How to complete this task:
Output, word for word, the line that contains "Eenvoudige bergcontouren in" and all lines following it to the end of the listing. Drop the pictures.

Stored data:
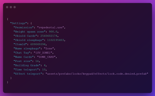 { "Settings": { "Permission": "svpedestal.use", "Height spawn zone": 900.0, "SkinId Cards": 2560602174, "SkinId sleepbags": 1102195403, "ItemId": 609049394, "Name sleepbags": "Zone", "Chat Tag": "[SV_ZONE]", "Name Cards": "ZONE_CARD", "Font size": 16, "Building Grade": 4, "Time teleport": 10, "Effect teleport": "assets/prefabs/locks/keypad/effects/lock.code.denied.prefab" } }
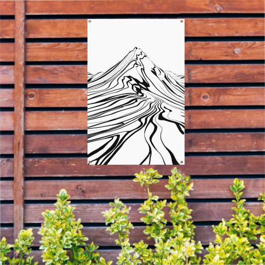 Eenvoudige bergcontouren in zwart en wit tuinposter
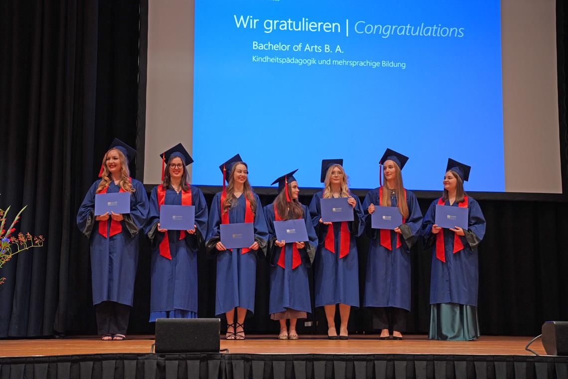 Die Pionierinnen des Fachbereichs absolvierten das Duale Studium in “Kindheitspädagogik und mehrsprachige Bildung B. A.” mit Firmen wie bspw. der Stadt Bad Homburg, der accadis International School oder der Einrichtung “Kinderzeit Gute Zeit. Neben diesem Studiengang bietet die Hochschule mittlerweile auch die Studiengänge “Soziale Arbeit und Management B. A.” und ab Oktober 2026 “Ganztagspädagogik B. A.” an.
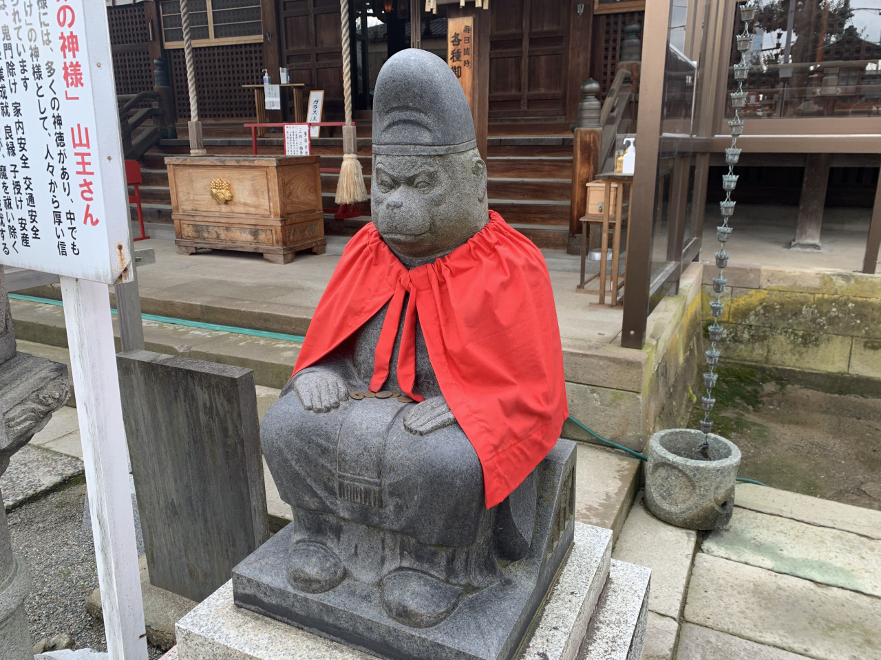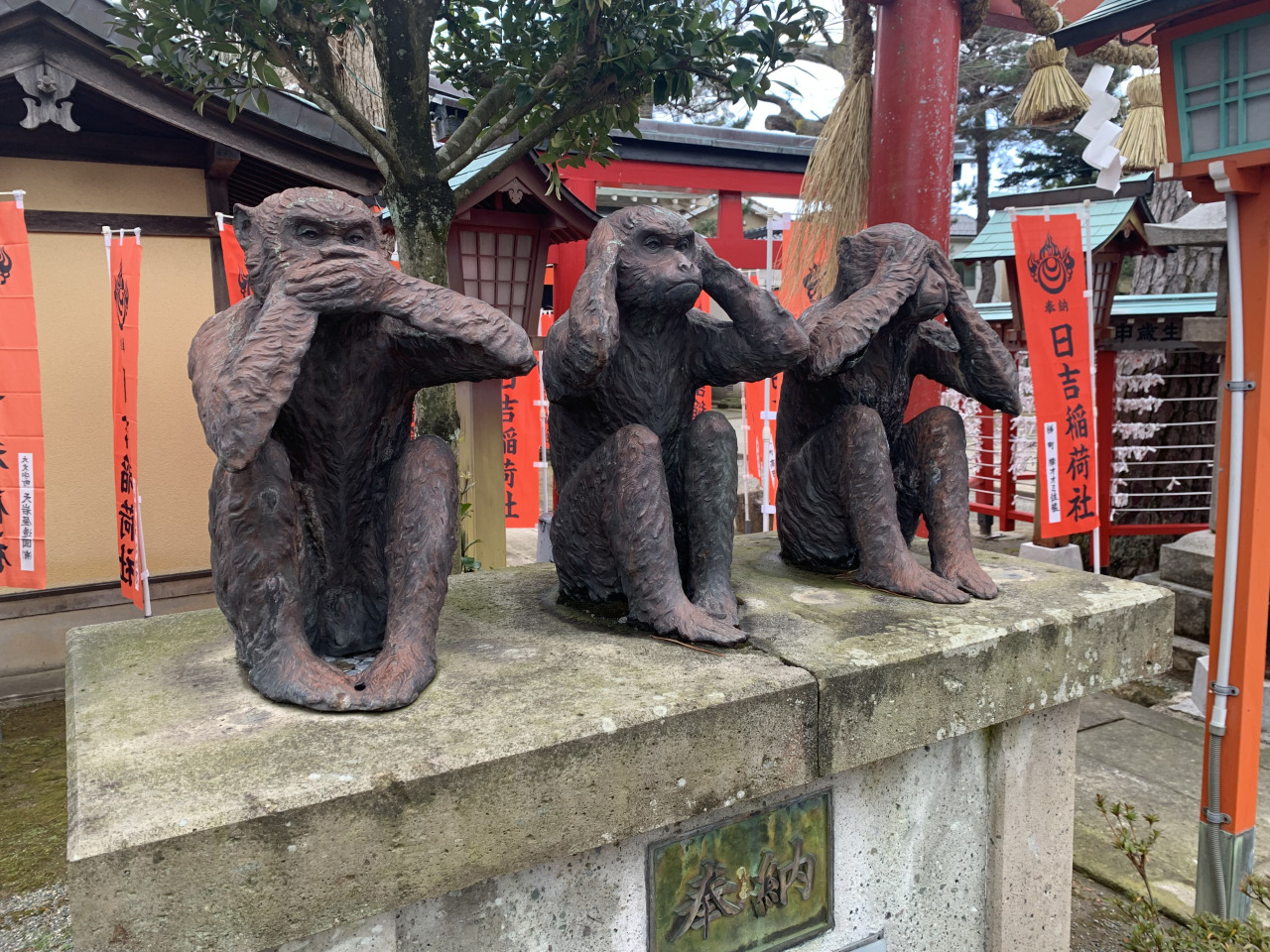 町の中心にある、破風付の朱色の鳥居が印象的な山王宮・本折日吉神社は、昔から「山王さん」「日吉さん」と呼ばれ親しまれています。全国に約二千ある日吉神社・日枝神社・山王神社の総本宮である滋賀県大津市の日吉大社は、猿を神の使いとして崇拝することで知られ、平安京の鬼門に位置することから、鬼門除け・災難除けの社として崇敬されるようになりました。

Exercise result:
 Eenvoudige bergcontouren in zwart en wit tuinposter
 Die Pionierinnen des Fachbereichs absolvierten das Duale Studium in “Kindheitspädagogik und mehrsprachige Bildung B. A.” mit Firmen wie bspw. der Stadt Bad Homburg, der accadis International School oder der Einrichtung “Kinderzeit Gute Zeit. Neben diesem Studiengang bietet die Hochschule mittlerweile auch die Studiengänge “Soziale Arbeit und Management B. A.” und ab Oktober 2026 “Ganztagspädagogik B. A.” an.
 町の中心にある、破風付の朱色の鳥居が印象的な山王宮・本折日吉神社は、昔から「山王さん」「日吉さん」と呼ばれ親しまれています。全国に約二千ある日吉神社・日枝神社・山王神社の総本宮である滋賀県大津市の日吉大社は、猿を神の使いとして崇拝することで知られ、平安京の鬼門に位置することから、鬼門除け・災難除けの社として崇敬されるようになりました。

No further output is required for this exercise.